9/1

@shunji_umetani: what I thought when I heard about using spells to output the desired picture “Oh, the parameter tuning craftsman grew up” A spell optimization problem is a bombshell? @shunji_umetani: As many researchers know, parameter tuning is an addiction that melts time endlessly. It is a very dangerous profession, because it is addictive and melts your time endlessly, but you can hardly learn any specialized skills. It would be OK if, after repeated trial and error in parameter tuning, I could start studying to understand the internal principles of the software, but that doesn’t happen very often…

9/3

@nishio: I’m starting to feel like parameter tuning or prompt engineering is more of a “job” or “profession” and more of a companion to playing with Factorio or something. No? Is it more like a shadow game where you do light work and you get to draw a gacha and the SSR is a beautiful illustration? A type of gacha in which the tendency of summoned characters changes depending on the type of work

Humans have A bug that makes you wait if you have a short wait time. Stable Diffusion will return results in about 40 seconds after you put in the prompt, so you might inadvertently wait!

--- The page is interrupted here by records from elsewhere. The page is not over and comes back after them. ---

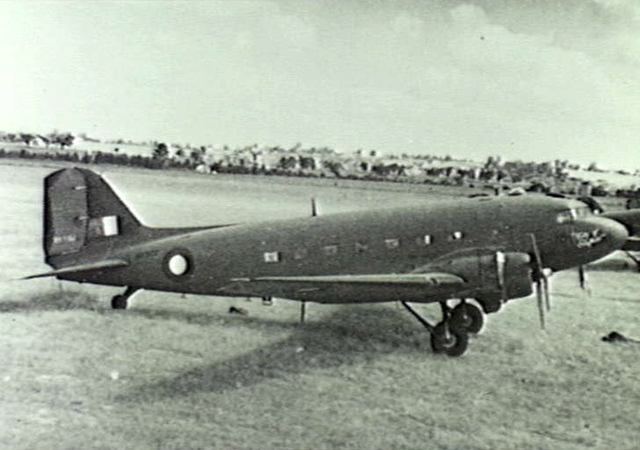 A Royal Air Force Dakota transport aircraft at Camden airfield near Sydney in 1945
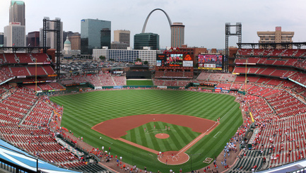 Panorama of Busch Stadium.
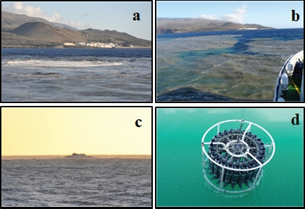 Emissions of Tagoro submarine volcano near El Hierro in Canary Islands. Signals observed in the surface waters as a consequence of the volcanic emissions. (a) Surface seawater bubbling (November 5, 2011). (b) Colour patches in the surface waters. (c) A 10-m emerged high bubble (November 5, 2011). (d) Light green seawater surface.

  • This is not a good idea, so early on I created a system where the prompt goes into a ring buffer and is generated by leaving it alone.
  • As a result, I accumulated 1,500 images a day, and the new bottleneck turned into a place where my wife and I would go through them and choose the best ones.

I made an app to assist in this “look at the image and sort it out” part.

  • The image is tiled like this
    • image
  • Click on it to see more information in a modal, where you can press “Excellent!” to move the file to a folder with good images.
    • image
  • My wife and I tried it today, and we were able to review the 3300 images we had accumulated in a realistic amount of time.
  • I think it’s Factorio-like to Identify bottlenecks and then destroy them.

Context of the Gacha

  • The most expensive way to buy a mess is to “put in a prompt, wait 40 seconds, and see the prompt results.”
    • A case where you spend 40 seconds looking at the image being generated in a daze or looking at the progress bar.
    • It’s similar to the type of game that has ads in between stages, or comic book apps where you get coins for watching ads to read the rest of the game.
  • After 30 gachas (= 30 generated by one prompt), the waiting time will be approximately 1 pomodoro, so that you can proceed with your work normally in that time
    • But every pomodoro has to check the image and specify the prompt, otherwise the machine will play.
  • So I read the prompts from a file and generated them in an infinite loop in turn.
    • Now prompt addition, generation, and review are loosely coupled and can be executed whenever you like.
    • The generating part now continues to produce images at a rate of 1,500 per day without human manipulation.
    • In gacha terms, it’s the “Daily Bonus 1500 Gacha.”
    • The bottleneck has moved to where we see the results of the mess.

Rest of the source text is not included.